I built a FULLY private AI to keep your data from big tech.(chatpdf-server-shtq.onrender.com)

1 pointby jimmyjonnya month ago1 comment

jimmyjonnya month ago
This is the most critical post you will make. Hacker News (HN) can crash your server with traffic if you get to the front page, so be ready.
The Golden Rule of HN: Do not "market." Explain how you built it. They care about the architecture, the code, and the hardware—not the "product benefits."
Here is the exact template to use. The Submission Fields
Title:
```
    Show HN: I built a public web interface that tunnels to my home RTX 3090 for inference
```
Url:
```
    [Your Render Link]
```
Text (The "First Comment"): (You must post this immediately after submitting the link.
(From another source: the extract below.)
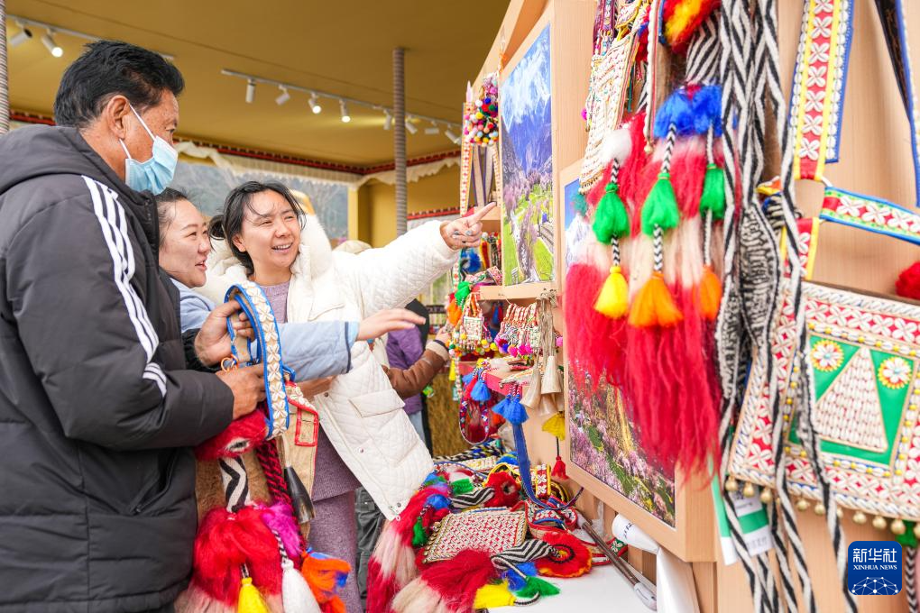 4月3日,游客在林芝市工布公園選購當(dāng)?shù)靥禺a(chǎn)。新華社記者 丁增尼達 攝
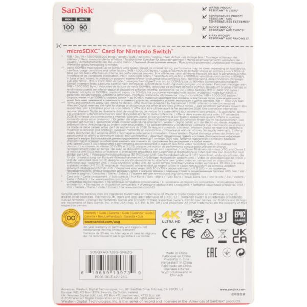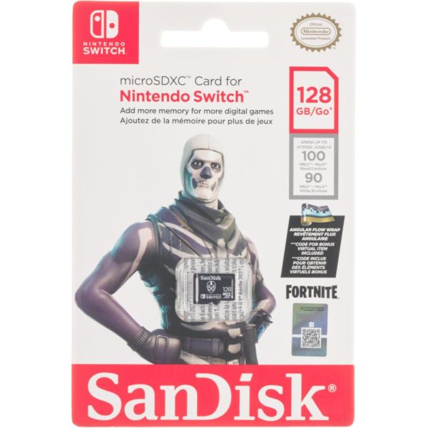 La memoria Micro SD Sandisk Nintendo Fortnite de 128 GB (modelo SDSQXAO-128G-GN6ZG) es de clase 10 y tipo SDXC UHS-I. Ofrece una velocidad máxima de lectura de 100 MB/s y una velocidad máxima de escritura de 90 MB/s, lo que la hace ideal para almacenar y transferir datos de manera rápida, especialmente en dispositivos Nintendo y otros compatibles.

This is where you win them over.)
Hello HN,
I wanted to run a privacy-focused LLM service without paying for H100s or leaking data to OpenAI, so I built a hybrid architecture.
The Architecture:
```
    Frontend/Gateway: Hosted on Render. This handles the public traffic, auth, and UI.

    Inference: Hosted under my desk on my personal rig (RTX 3090).

    The Tunnel: The Render server acts as a dumb WebSocket relay. It accepts user prompts, encrypts them, and tunnels them to my local Python worker.

    Processing: My local worker uses Ollama for the LLM (Qwen 2.5 14B/32B) and Playwright for live web scraping/RAG.
```
The Stack:
```
    Backend: FastAPI + Python

    Protocol: Secure WebSockets (WSS)

    Inference: Ollama (Local)

    RAG: PyMuPDF (for PDF analysis) + Playwright (for "Deep Research" browsing)
```
Why I did this: I wanted "Sovereign AI." The cloud server never stores the unencrypted chat logs; it just passes packets. The actual intelligence lives on my hardware. It’s essentially a free way to expose a local LLM to the web for personal use (and for friends).